AHDE VEFA VE SÖZÜNDE DURMAK
AHDE VEFA VE SÖZÜNDE
DURMAK
قال الله تعالى :
{ وَأَوْفُواْ بِالْعَهْدِ إن الْعَهْدَ كان
مَسْؤُولاً[
“...Verdiğiniz her sözü
yerine getirin; çünkü verdiğiniz her söz sorumluluk getirir(den hesap gününde
mutlaka sorguya çekileceksiniz).” (17 İsra 34),
قال الله تعالى :
{ وَأَوْفُواْ بِعَهْدِ اللّهِ إذا عَاهَدتُّمْ
[
“Ve sözleşme yaptığınızda
Allah’ın sözleşmesinin yerine getiriniz.” (16 Nahl 91)
قال الله تعالى
: { يَا أيها الَّذِينَ آمَنُواْ أَوْفُواْ بِالْعُقُودِ
[
“Ey İman edenler!
Bağlandığnız akitlerinizi titizlikle yerine getirin.” (5 Maide1)
قال الله تعالى :
{ . يَا أيها الَّذِينَ آَمَنُوا لِمَ تَقُولُونَ مَا لَا تَفْعَلُونَ. كبر مقتا
عند الله أن تقولوا مَا لَا تَفْعَلُونَ
[
“Ey İman edenler!
Niçin yapmayacağınız şeyleri söylüyorsunuz?

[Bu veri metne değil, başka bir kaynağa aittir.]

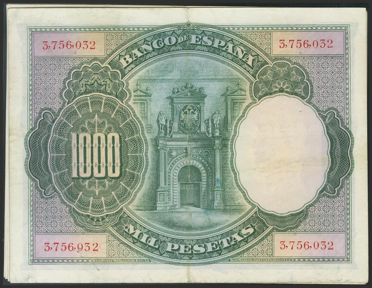 Conjunto de 10 billetes de 1000 Pesetas de la emisión del 1 de Julio de 1925. Serie posterior al 3.646.000. (Edifil 2017: 351). MBC/BC.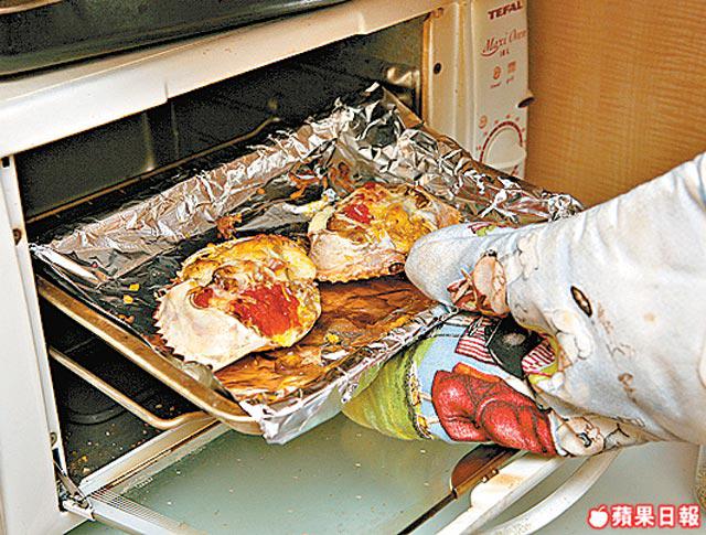 材料:膏蟹2隻(約1斤)、免治豬肉50克、雞蛋黃2個、油1湯匙、芝士少許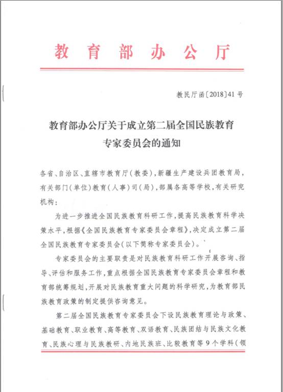 近日,教育部办公厅印发了“关于成立第二届全国民族教育专家委员会的通知”。我院吴瑞林副教授因其在少数民族双语教育和中华民族认同研究方面所做工作,被遴选为专家委员会民族心理与民族教研学科组专家。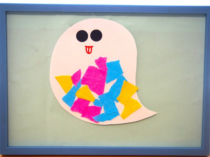 ハロウィン製作2歳児3歳児 ハサミで簡単!カラフルおばけの壁面。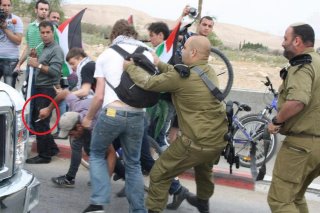 It’s apparently from the same protest that featured the IDF officer striking one of the protestors in the face with his gun. Some are claiming the protester is holding a knife in his hand.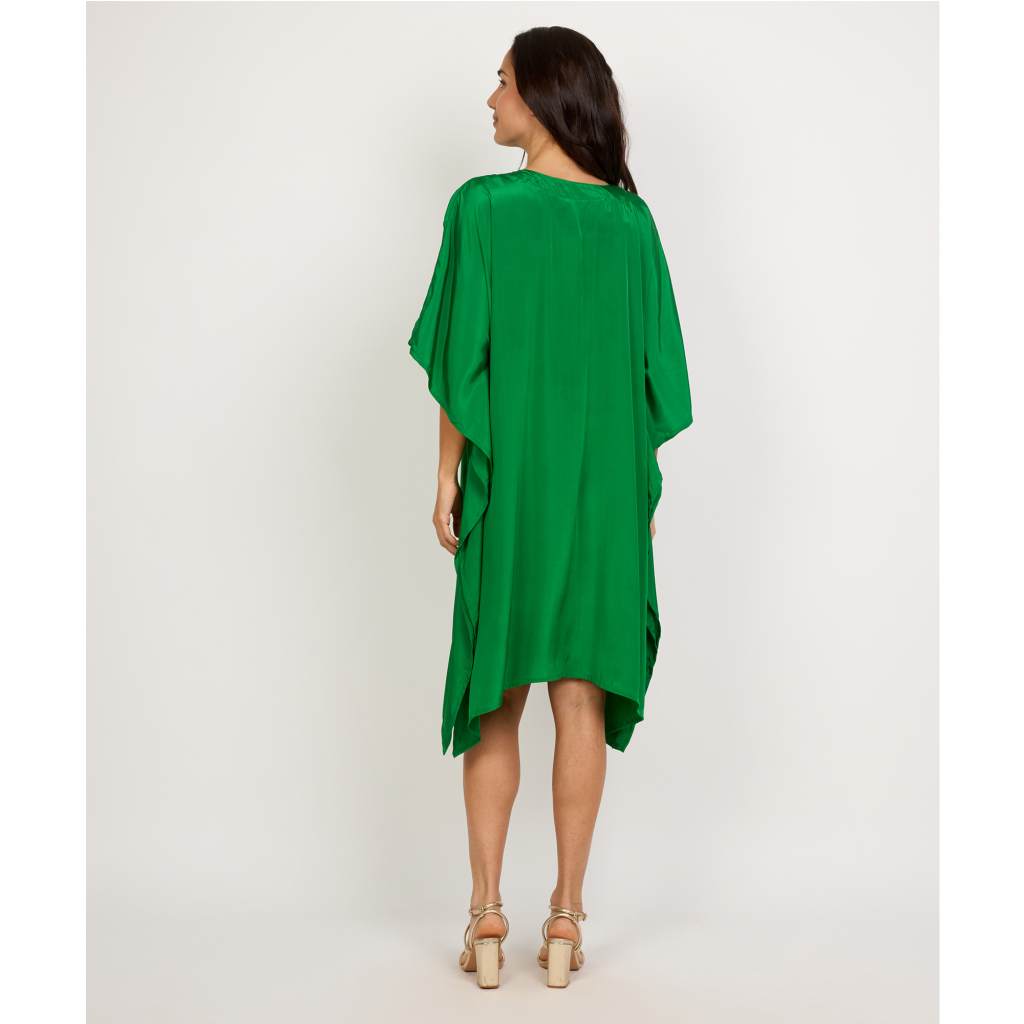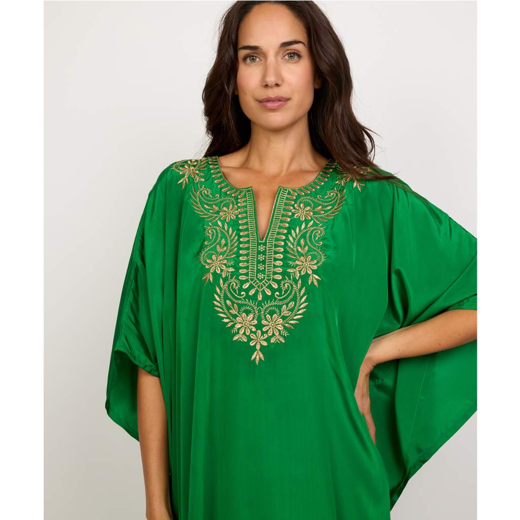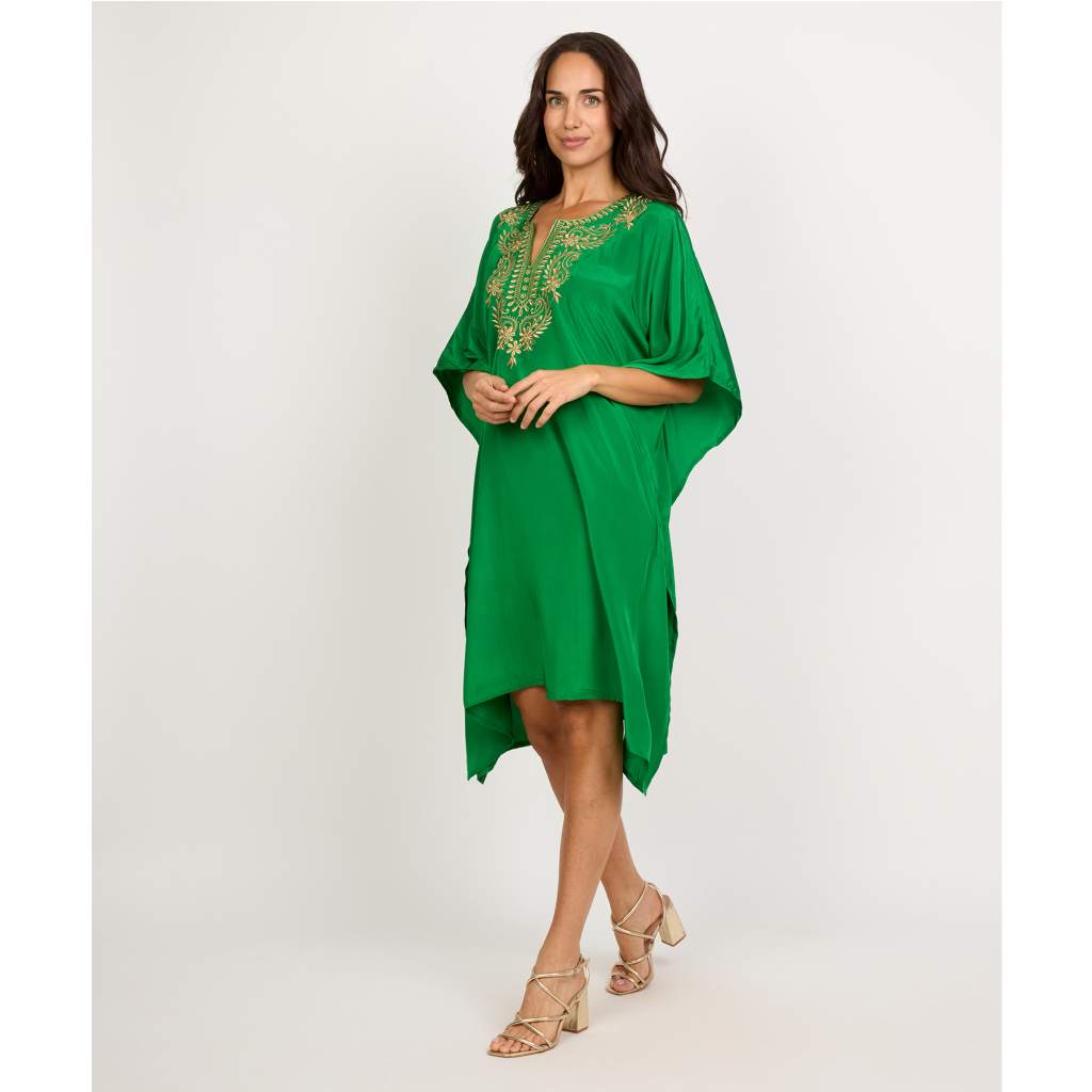 Elevate your style with this stunning green kaftan, crafted from soft and flowy Crepe Silk fabric. Featuring a beautifully embroidered designer neckline, this free-size kaftan offers both comfort and elegance. The relaxed silhouette and asymmetric hemline make it perfect for casual outings, festive gatherings, or vacation wear. Pair it with heels or flats for a chic, effortless look.

Yapmayacağınız şeyi söylemeniz,
Allah katında en nefret edilen şeydir.” (61 Saff 2-3)
689- عن أبي
هريررَضِيَ اللَّه أن رسولَ الله صَلّى اللهُ عَلَيْهِ وسَلَّم قال : آيَةُ
المُنَافِقِ ثَلاثٌ : إذا حَدَّثَ كَذَبَ، وَإذا وَعَدَ أَخلَفَ، وَإذا اؤْتُمن
خَان. زَادَ في رواية لمسلم : وَإن صَامَ وَصَلَّى وَزَعَمَ أنهُ مُسلِمٌ
689: Ebu Hüreyre (Allah Ondan
razı olsun)’den rivayet edildiğine göre Rasûlullah (sallallahu aleyhi vesellem)
şöyle buyurdu: “Münafığın alameti üçtür: Konuştuğunda yalan söyler, söz verince
sözünden cayar, kendisine bir şey emanet edildiğinde hıyanet eder.” (Buhari,
İman 24, Müslim, İman 107)
Müslim’in değişik bir
rivayetinde: “Oruç tutsa, namaz kılsa ve kendini mü’min zannetse bile”
buyurulmuştur. (Müslim, İman 109
690- وعن عبدِ
الله بن عمرو بن العاص رضي الله عنهما ،أن رسولَ الله صَلّى اللهُ عَلَيْهِ وسَلَّم
قال : أَرْبَعٌ مَنْ كُنَّ فِيهِ كان مُنَافِقاً خَالِصا وَمَنْ كانت فِيهِ
خَصلَةٌ مِنْهُنَّ كانت فِيهِ خَصْلَةٌ مِنَ النِّفَاقِ حَتَّى يَدَعَهَا إذا
اؤْتُمِنَ خَان، وَإذا حَدَّثَ كَذَبَ، وَإذا عَاهَدَ غَدَرَ، وَإذا خَاصَمَ فَجَر
.
690: Abdullah ibni Amr ibni
As (Allah Onlardan razı olsun)’dan rivayet edildiğine göre Rasûlullah (sallallahu
aleyhi vesellem) şöyle buyurdu: Dört huy kimde bulunursa o kimse dört dörtlük
münafık olur. Bir kimsede bu huylardan birisi bulunursa o huydan vazgeçinceye
kadar münafık özelliğinden birine sahip olmuş olur.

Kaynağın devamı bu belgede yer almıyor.